**RECORD EXCERPTS**
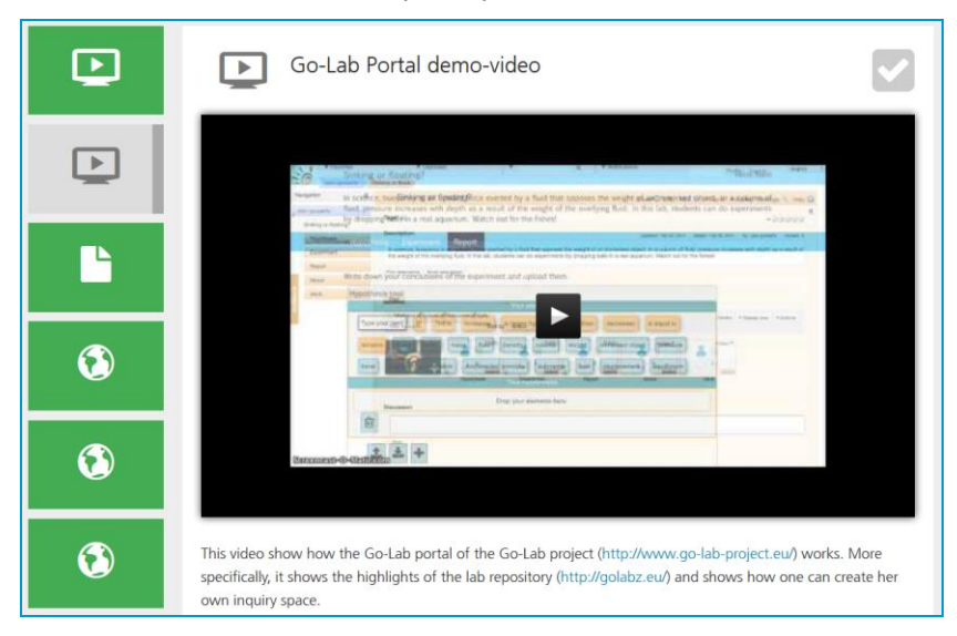
Fig. 1: Course module at the OpenCourseWorld platform

The OpenCourseWorld platform is the main entrance to the MOOC, where the teachers can register for the course, study the course materials, and obtain the certificates after the course is completed. Here, the learning modules containing video and reading materials as well as the links to additional learning resources are presented. Figure 1 demonstrates how such course module looks like. On the left side of the screen, a menu listing the course materials (each type of material denoted with an icon) is represented. On the right side, selected learning resource is displayed. The tick box in the right upper corner of the screen allows the course participant to mark the resource as "studied".
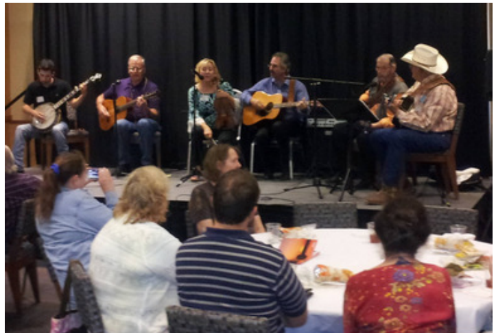
Live band played during the Luncheon.
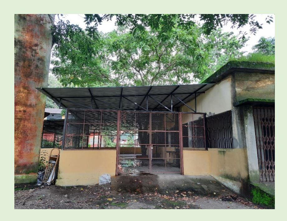
The Newly Built Cycle Stand sitting neatly beside the Room Nos. 19 & 20

Our college provides parking facility for wheeler vehicle used by teachers and students for commutation.
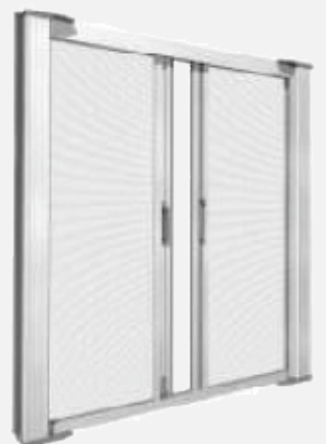
Pleated Double Mesh
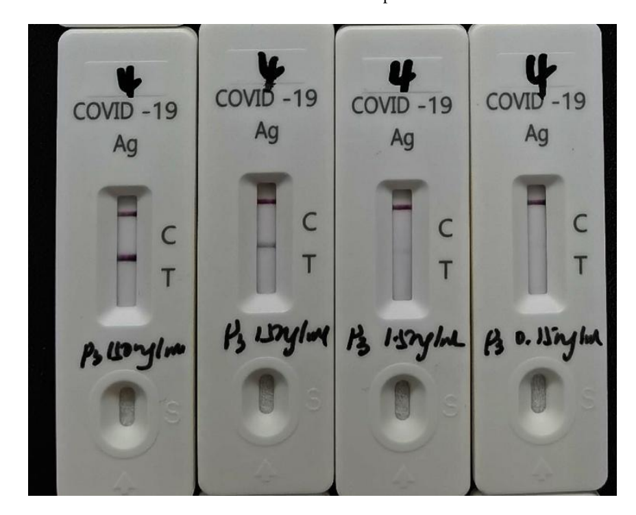
Detla-mutant N recombinant protein
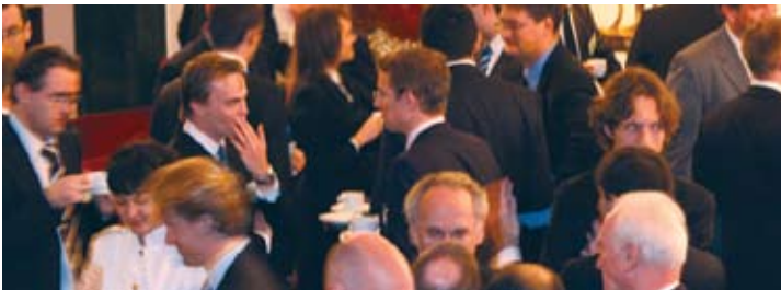
ABB • Airbus • Alstom • Arup • BT • Bayer • AXA • Deloitte • Deutsche Bank • BP • Eon • Esso • GE • Globus • Goldman Sachs • IBM • Kraft • KPMG • Lufthansa • Miele • Mouchel • Munich Re • Nokia • Novartis • Siemens • Thyssen • Volkswagen & many many more

80% of the top 500 European Companies attend C5 conferences including:
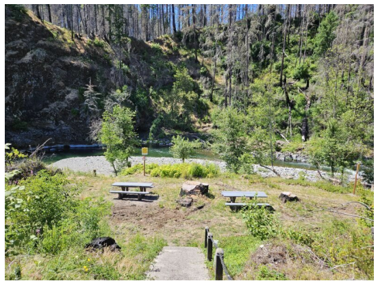
Canyon Creek Day Use Area-Summer 2024
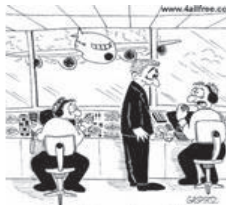
Oh-oh... Not a good sign. I just keep getting their answering machine.
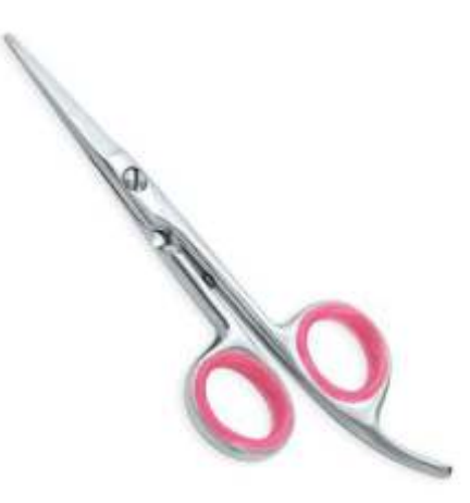
Delicate Cut Professional Barber Scissors
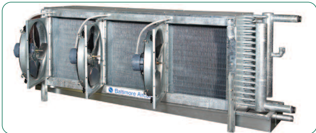
Swing Away Fan

Finned reheat coils produce continuous dehumidification and reduce sweating by heating the air after it leaves the cooling coil section. The reheat section is separated from the cooling section by an air break. This break in the fins eliminates thermal conductance between the sections and prevents water from migrating to the reheat coil, reducing wasted artificial loads and providing better dehumidification. Contact your local BAC Representative for performance ratings and other information.
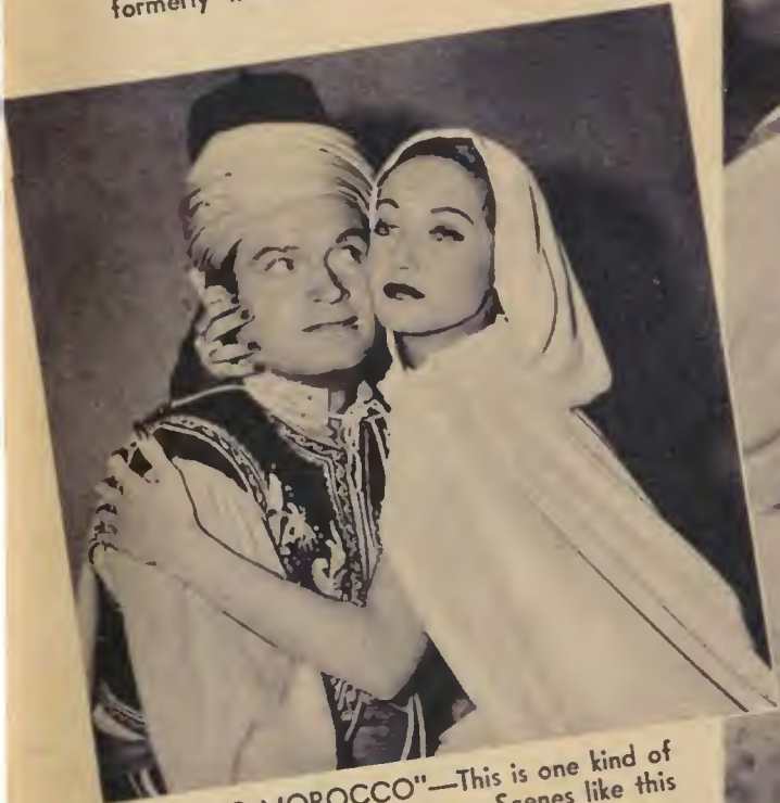
"ROAD TO MOROCCO"—This is one kind of activity that keeps Hope busy. Scenes like this one with Dorothy Lamour in the forthcoming Hope-Crosby-Lamour film may look like pleasure, but picture-making is still exacting work

**TASK GOAL**
Write out the entries above in full and exactly; no pictures.

**EXPECTED OUTPUT**
Fig. 1: Course module at the OpenCourseWorld platform

The OpenCourseWorld platform is the main entrance to the MOOC, where the teachers can register for the course, study the course materials, and obtain the certificates after the course is completed. Here, the learning modules containing video and reading materials as well as the links to additional learning resources are presented. Figure 1 demonstrates how such course module looks like. On the left side of the screen, a menu listing the course materials (each type of material denoted with an icon) is represented. On the right side, selected learning resource is displayed. The tick box in the right upper corner of the screen allows the course participant to mark the resource as "studied".
Live band played during the Luncheon.
The Newly Built Cycle Stand sitting neatly beside the Room Nos. 19 & 20

Our college provides parking facility for wheeler vehicle used by teachers and students for commutation.
Pleated Double Mesh
Detla-mutant N recombinant protein
ABB • Airbus • Alstom • Arup • BT • Bayer • AXA • Deloitte • Deutsche Bank • BP • Eon • Esso • GE • Globus • Goldman Sachs • IBM • Kraft • KPMG • Lufthansa • Miele • Mouchel • Munich Re • Nokia • Novartis • Siemens • Thyssen • Volkswagen & many many more

80% of the top 500 European Companies attend C5 conferences including:
Canyon Creek Day Use Area-Summer 2024
Oh-oh... Not a good sign. I just keep getting their answering machine.
Delicate Cut Professional Barber Scissors
Swing Away Fan

Finned reheat coils produce continuous dehumidification and reduce sweating by heating the air after it leaves the cooling coil section. The reheat section is separated from the cooling section by an air break. This break in the fins eliminates thermal conductance between the sections and prevents water from migrating to the reheat coil, reducing wasted artificial loads and providing better dehumidification. Contact your local BAC Representative for performance ratings and other information.
"ROAD TO MOROCCO"—This is one kind of activity that keeps Hope busy. Scenes like this one with Dorothy Lamour in the forthcoming Hope-Crosby-Lamour film may look like pleasure, but picture-making is still exacting work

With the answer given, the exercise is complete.